Memory inside Linux containers. Or why does free and top not work in a Linux container? "
Most Linux tools that provide system resource metrics were created at the time when cgroups did not exist (for example: free and top, like procps). They usually read memory metrics from the proc file system: / proc / meminfo, / proc / vmstat, / proc / PID / smaps, and others.
Unfortunately, / proc / meminfo, / proc / vmstat, etc. are not in containers. This means that they are not managed by cgroup. They always display the amount of memory of the host system (physical or virtual machine) as a whole, which is useless for modern Linux containers (Heroku, Docker, etc.). The processes inside the container that are needed to determine the amount of memory they need to work cannot rely on free, top, etc .; they are subject to restrictions imposed by cgroups and cannot use all the available memory of the host system.
The author emphasizes the importance of the visibility of the limits of real memory. This allows you to optimize application performance and fix problems inside containers: memory leaks, swapping, performance degradation, etc.
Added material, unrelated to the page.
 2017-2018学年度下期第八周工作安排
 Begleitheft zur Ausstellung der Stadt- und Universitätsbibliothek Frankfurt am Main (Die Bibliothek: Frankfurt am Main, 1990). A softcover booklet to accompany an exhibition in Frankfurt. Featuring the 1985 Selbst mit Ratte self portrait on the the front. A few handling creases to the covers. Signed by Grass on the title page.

In addition, in some cases, rely on vertical scaling to optimize the use of resources within containers by automatically changing the number of working applications, processes or threads. Vertical scaling usually depends on the amount of memory available in a particular container, so restrictions should be visible inside the container.
Decision
The Open Containers community is initiating work to
improve runC to replace the
/ proc files. LXC also creates
the lxcfs file system , which allows containers to have virtualized cgroup filesystems and a virtualized view of
/ proc files. So this question is under the scrutiny of the system administrators of the container. I believe that the improvements mentioned can help solve this problem at a basic level.
We also encountered the same problem in Jelastic and have already found ways to solve it for our users. Therefore, we would like to tell the details of the implementation.
First of all, let's go back to the Jelastic installation wizard,
select the service provider for the test account and
create a Java Docker container with predetermined memory limits - for example, 8 keys, which are equivalent to 1 GB of RAM.

Go to
Jelastic SSH gate (1), select the previously created test environment (2), and select the container (3). From the inside, you can check the available memory with the
free (4) tool.

As we can see, the memory limit is 1 GB, as previously defined. Now check the
top tool.

Everything works properly. For a double check, we will repeat Matt’s test related to the question of the heuristic behavior of Java, described in his article.

As expected, we get
MaxHeapSize = 268435546 (~ 256 MB) , which is 1/4 of the container's RAM in accordance with the standard behavior of Java dynamic memory.
What is the secret of our decision? Of course, in the right combination of "ingredients". In our case, this is a combination of OpenVZ and Docker technologies, which gives more control in terms of security and isolation, as well as the ability to use functions such as
live migration and container hibernation. Below is a high-level diagram of the Docker container in Jelastic.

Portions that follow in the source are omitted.